McLaren Racing Limited and McLaren Indy have jointly lodged a formal application in a UK commercial court initiating a lawsuit against driver Alex Palou for allegedly breaching an agreement to drive for the IndyCar team in 2024.
Palou is currently driving for the rival Chip Ganassi Racing team and is leading Scott Dixon in the 2023 IndyCar Series standings by a hundred points with three races remaining on the calendar.
After a dispute last year between McLaren and Ganassi over the Spaniard's services, Palou signed a one year deal to stay at Ganassi in 2023 ahead of an presumed agreement to move to McLaren Indy next season, which allowed him to test for the McLaren F1 team n the interim.
But last week, McLaren CEO Zak Brown told The Associated Press that Palou had made it clear to him that he had no intention of honouring such an agreement, and that he would be staying on at Ganassi instead.
This infuriated Brown, who said that the team had invested time and money - including a financial advance on his 2024 salary - on the 26-year-old in expectation of his joining them.
Palou had played a role in McLaren's F1 testing program with a view to possibly moving into F1 in the future, and took part in free practice at the 2022 United States Grand Prix at the Circuit of the Americas.
“We made a significant investment in Alex Palou, looking forward to racing with him in 2024,” Brown said in a statement issued to Forbes and other media on Friday after news of the lawsuit was broken by the Indianapolis Star.
“We’re placing our trust in the legal system to resolve this matter and will keep our comments at that," Brown continued.
“As a team, we’re turning our focus to the final races this season and on our plans for 2024, which we’ll announce once we’re ready.”
“We have paid him a significant first payment toward his 2024 season," Brown previously told the McLaren IndyCar team in an email.
"In addition to the millions of dollars toward developing him in our Formula 1 testing program and in his reserve driver role with a potential drive in F1 in the future.
“Unfortunately, it now appears our belief, commitment, investment, and trust in Alex was misplaced, as it is not being reciprocated.
Details of the complaint aren not currently known, but the IndyStar stated that two lawsuits were filed on August 16 and August 11 against Palou and his racing entity ALPA Racing USA LLC respectively.
McLaren is not taking action against Ganassi, and the nature of the suit - what is called a Part 7 filing - suggests they have no interest in forcing Palou to honour his agreement and join the team next year, only to recoup costs.
The legal position is further complicated by reports that Palou's contract with Ganassi has an 'exclusivity clause' preventing him from negotiating a contract with another team until September 1.
It's believed that Palou was dropped by his management company Monaco Increase Management after Brown's initial statement about the contract situation.
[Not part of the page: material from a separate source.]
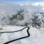 Aerial View Of A Car Driving Along a snowy S Curve From Wintry Davos To St. Moritz, Switzerland – Drone footage on HOsiHO.com

Roger Yasukawa - who is believed to have taken over as manager - had no comment about the lawsuit.
Yasukawa has played a key role in Palou’s management since he raced in Super Formula in 2019, and reportedly joined MIM to continue in that capacity last year. Yasukawa’s father is understood to have worked worked for McLaren in the past.
According to court records, the two McLaren businesses have hired Morgan Lewis & Bockius (UK) to represent them in the action.